Alla sommità del paese sorge la chiesa di S. Michele Arcangelo, edificata nel sec. XIV utilizzando come abside la torre poligonale del cassero, poi trasformata in campanile. L’edificio è stato più volte rimaneggiato ed ampliato fino ad assumere l’aspetto attuale di chiesa a navata unica con altari laterali. La sistemazione ottocentesca, sfruttando il pronunciato dislivello della pianezza,ha enfatizzato l’imponenza della facciata preceduta da una scalinata. Dell’antica parrocchiale, già dedicata a S. Sebastiano, si conservano ancora alcuni affreschi dei secoli XV e XVI nella parete absidale e nel vano del campanile.

Dirimpetto a Ceselli, dalla parte opposta del fosso, si erge la chiesa di S. Vito, piccolo edificio romanico con abside semicircolare, bifore nella facciata e campanile a vela. L’interno, tagliato in due vani nel sec. XVI e XVII, che raffigurano principalmente il santo titolare, assai invocato contro la rabbia e quindi contro il morso dei cani. Alcuni elementi costruttivi di età romana testimoniano la preesistenza di un più antico edificio di culto pagano.

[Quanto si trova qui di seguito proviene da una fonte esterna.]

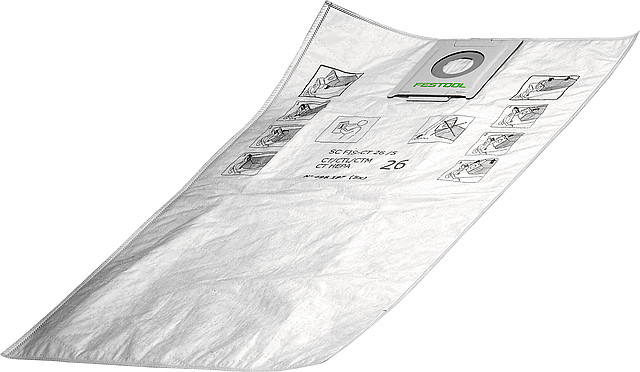 Мішок-пилозбірник SELFCLEAN SC FIS-CT 26/5 Festool 496187 ПІДХОДИТЬ ДЛЯ НАСТУПНИХ МОДЕЛЕЙ ІНСТРУМЕНТА FESTOOL: пиловидальні апарати серії CT/CTL/CTM 26 КОМПЛЕКТ ПОСТАЧАННЯ: 5 штук в пакуванні. ОПИС: Для постійно високої інтенсивності всмоктування. Високоякісний мішок-пилозбірник із флісу, самостійно видаляє пилові відкладення всередині мішка-пилозбірника. При включенні пиловидального апарату мішок-пилозбірник Selfclean надувається, а при вимиканні стискається. При цьому відкладення пилу відокремлюються від стінок мішка-пилозбірника Selfclean. Для збереження чистоти та підтримки високої інтенсивності всмоктування. Системний підхід для ефективної, чистої та безпечної для здоров'я роботи. Пилозбірник з нетканого матеріалу Самостійно видаляє пилові відкладення Оптимальне використання об'єму мішка-пилозбірника Підходить для сухого видалення пилу Повне використання об'єму мішка-пилозбірника SELFCLEAN та постійно висока потужність всмоктування З сертифікатом FSC™ Технічні особливості SC FIS-CT 26/5 Відповідальне лісокористування Целюлоза отримана з деревини, заготовленої з урахуванням принципів раціонального та контрольованого лісокористування, і тому виріб позначено знаком Лісової опікунської ради (FSC™), що означає, що кожен етап ланцюжка постачання деревини має сертифікат FSC.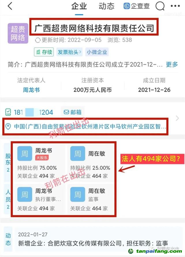 今天不是談這個(gè)項(xiàng)目的后續(xù),主要是講“碳中和”項(xiàng)目牽連出的許許多多的虛假的公司正在注銷跑路之中,很多公司就在今天(10月8日)以后將永遠(yuǎn)消失!在企查查中查“廣西超貴網(wǎng)絡(luò)科技有限責(zé)任公司”,公司成立于2021年12月26日,法人周龍書,名下顯示有494家公司,股東周在敏名下有464家公司,對(duì)于有實(shí)力的老板,我們認(rèn)為就是有再多的公司也不足為奇,但是這家公司的法人與股東旗下的公司是反常的!請(qǐng)跟著利箭的腳步,捂住小心臟往下看。

Nei pressi del paese, dopo aver attraversato il villaggio di Contaglia, s’incontra la chiesa di S. Sabino edificata in epoca romanica lungo la vecchia strada per Spoleto, su un poggio adibito poi ad uso cimiteriale che ha conquistato anche parte dell’antico edificio. Le pareti della navata, che termina con un’abside semicircolare, conservando tracce di affreschi, tra cui si distingue un santo vescovo, forse il titolare della chiesa, già vescovo di Spoleto e martire, vissuto nel III secolo.